Qué interesante tema de conversación para hablar de él en uno de sus programas: «La Granja de Cuerpos no es el nombre de un balneario. ¿Qué es la muerte? Hable de ello con la doctora Self». Ya tiene la frase de promoción.

Marino consulta su reloj alzando la muñeca con teatralidad para ver qué hora es, como si no le importara que esté a punto de agotarse el tiempo, como si estuviera deseándolo.

Pero ella no se deja engañar.

—Miedo. —La doctora Self inicia su resumen—. Un miedo existencial de no contar para nadie, de no importarle a nadie, de estar completamente solo. Cuando termina el día, cuando termina la tormenta. Cuando se acaban las cosas. Da miedo que se acaben las cosas, ¿verdad? Se acaba el dinero, se acaba la salud, se acaban la juventud, el amor. ¿Tal vez acabará su relación con la doctora Scarpetta? ¿Puede ser que finalmente le rechace?

—No hay nada que acabar, excepto el trabajo, y eso va a durar para siempre porque la gente es una mierda y seguirá matándose mucho después de que yo reciba mis alitas de ángel. No pienso volver aquí nunca más a oír todas estas sandeces. Lo único que hace usted es hablar de la doctora. Creo que resulta bastante obvio que mi problema no es ella.

—Ahora sí que tenemos que dejarlo.

Se levanta de su sillón y le sonríe.

—He dejado de tomar ese medicamento que me recetó. Hace ya un par de semanas, pero se me olvidó comentárselo. —Marino se levanta también y su enorme presencia parece llenar la estancia—. No me hace ningún efecto, así que para qué —dice.

Cuando Marino está de pie, la doctora Self siempre se queda un poco sorprendida por lo grande que es. Sus manos bronceadas por el sol le recuerdan unos guantes de béisbol, dos jamones. Se lo imagina aplastando el cráneo o el cuello de alguien, haciendo picadillo los huesos de otra persona como si fueran patatas fritas.

—Ya hablaremos del Effexor la semana que viene. Lo veré… —toma la agenda de citas de su escritorio— el próximo jueves a las cinco.

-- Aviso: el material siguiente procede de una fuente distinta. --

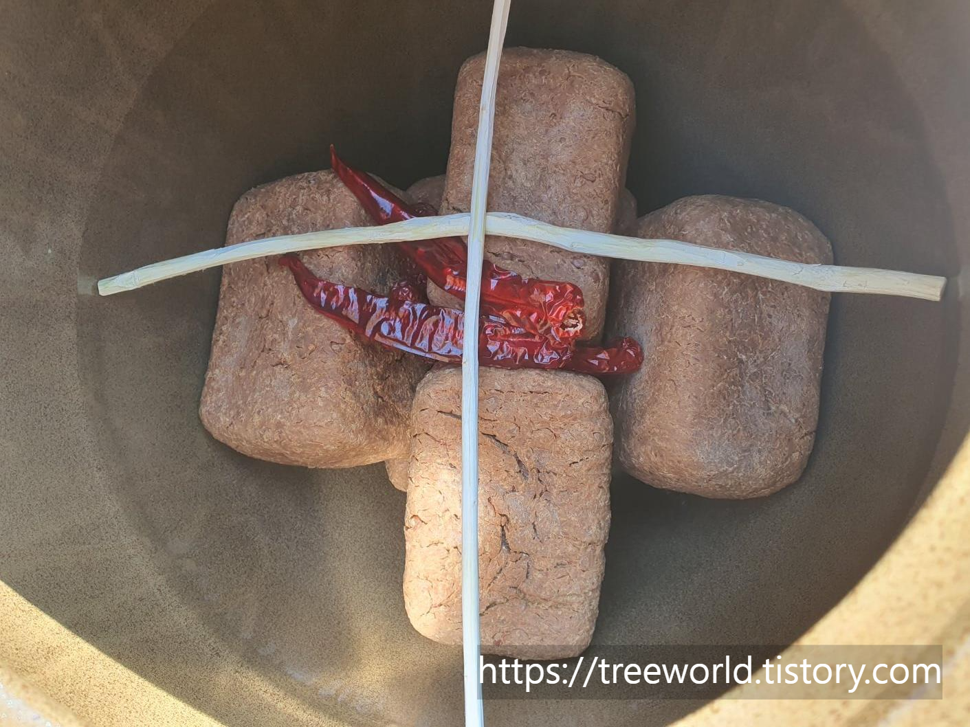 ① 메주는 흐르는물에 깨끗하게 빠르게 씻어 햇볕에 말린다. ② 항아리를 씻는다(세제 사용 금지) ③ 소금을 물에 넣고 잘 녹여 준비한다.(저울로 재서 농도를 맞춘다) ④ 항아리에 메주를 차곡차곡 담는다.(메주의 양이 항아리의 80%를 넘지 않게 한다) ⑤준비해 둔 소금물을 항아리에 붓는다. ⑥ 숯과 마른 고추 등을 넣고 뚜껑을 닫는다.

Marino mira por la puerta abierta, escudriñando la pequeña y soleada salita exterior, con su mesa, sus dos sillones y sus plantas, varias de ellas palmeras, tan altas que casi tocan el techo. No hay otros pacientes esperando, nunca los hay a esta hora del día.

—Sí —responde—. Menos mal que nos hemos dado prisa y hemos terminado a la hora. Odio hacer esperar a la gente.

—¿Le parece bien pagarme en la próxima cita?

Es la manera que tiene la doctora Self de recordarle que le debe trescientos dólares.

—Sí, sí. He olvidado el talonario de cheques —contesta.

Y naturalmente que se le ha olvidado. No es su intención deberle dinero a la doctora. Piensa regresar.